> _Recorded data_
------------------------------

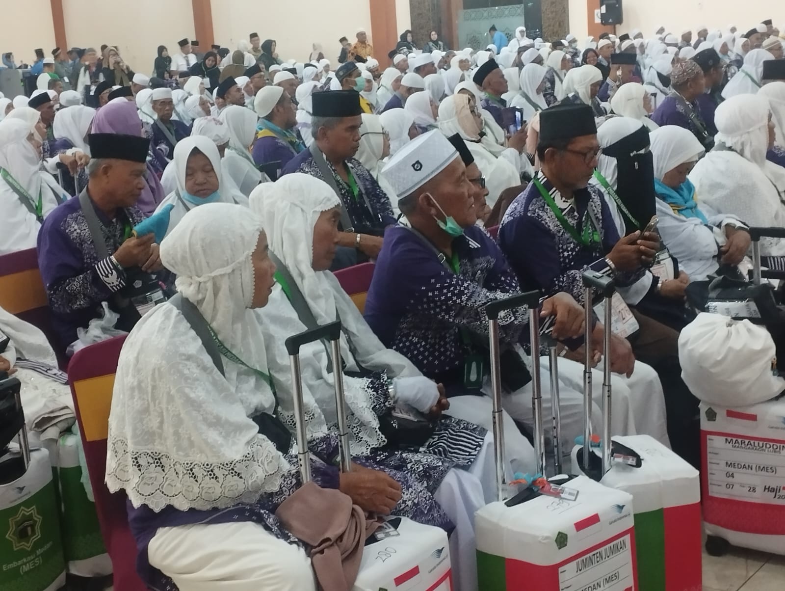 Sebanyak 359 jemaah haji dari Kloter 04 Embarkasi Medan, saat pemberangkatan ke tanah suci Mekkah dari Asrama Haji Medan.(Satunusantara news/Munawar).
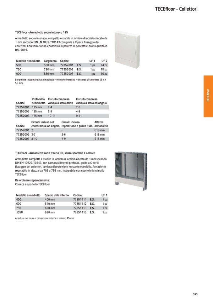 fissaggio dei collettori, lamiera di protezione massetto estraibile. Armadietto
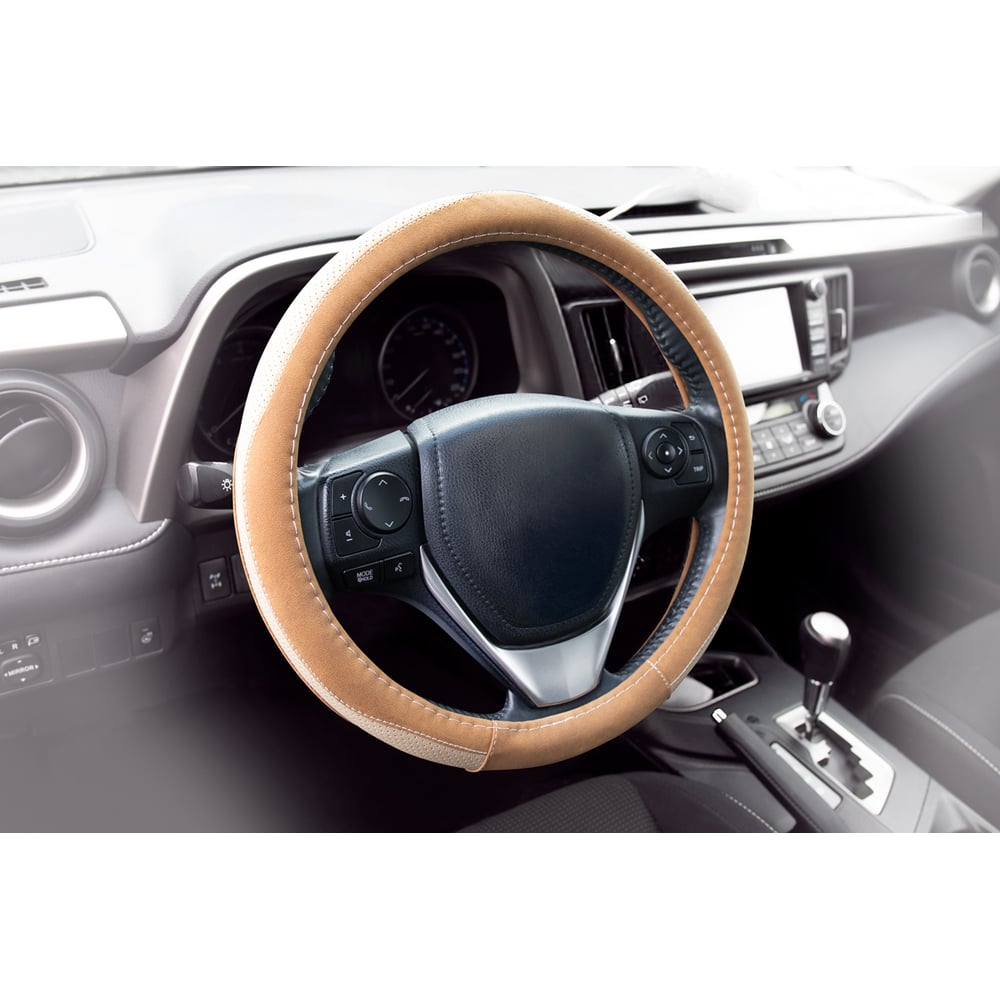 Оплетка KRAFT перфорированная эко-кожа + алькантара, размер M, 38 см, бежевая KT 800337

------------------------------

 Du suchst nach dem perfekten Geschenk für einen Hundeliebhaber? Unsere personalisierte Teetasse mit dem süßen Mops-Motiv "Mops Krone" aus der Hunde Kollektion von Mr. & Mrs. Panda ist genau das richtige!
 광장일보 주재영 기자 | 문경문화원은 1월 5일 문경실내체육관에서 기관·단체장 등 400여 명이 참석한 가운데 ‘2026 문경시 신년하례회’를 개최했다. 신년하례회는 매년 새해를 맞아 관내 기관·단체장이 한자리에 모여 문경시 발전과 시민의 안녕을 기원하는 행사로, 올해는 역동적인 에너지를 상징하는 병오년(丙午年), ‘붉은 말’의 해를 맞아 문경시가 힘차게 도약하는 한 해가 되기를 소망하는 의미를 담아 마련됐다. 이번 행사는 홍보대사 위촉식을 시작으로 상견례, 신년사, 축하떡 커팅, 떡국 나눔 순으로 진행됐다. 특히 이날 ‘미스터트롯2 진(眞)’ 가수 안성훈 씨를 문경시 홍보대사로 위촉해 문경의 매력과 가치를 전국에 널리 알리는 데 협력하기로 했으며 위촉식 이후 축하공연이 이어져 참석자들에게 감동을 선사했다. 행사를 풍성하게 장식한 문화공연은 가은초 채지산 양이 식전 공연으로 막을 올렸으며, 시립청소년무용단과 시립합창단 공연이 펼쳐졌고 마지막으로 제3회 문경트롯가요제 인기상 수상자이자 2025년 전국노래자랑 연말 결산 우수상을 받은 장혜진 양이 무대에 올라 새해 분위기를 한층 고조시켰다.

------------------------------

> _Task prompt_
Above are some records. Output exactly the lines from the one that contains "Sebanyak 359 jemaah" to the one that contains "Оплетка KRAFT перфорированная", keeping both, and omit the pictures.

> _Response area_
 Sebanyak 359 jemaah haji dari Kloter 04 Embarkasi Medan, saat pemberangkatan ke tanah suci Mekkah dari Asrama Haji Medan.(Satunusantara news/Munawar).
 fissaggio dei collettori, lamiera di protezione massetto estraibile. Armadietto
 Оплетка KRAFT перфорированная эко-кожа + алькантара, размер M, 38 см, бежевая KT 800337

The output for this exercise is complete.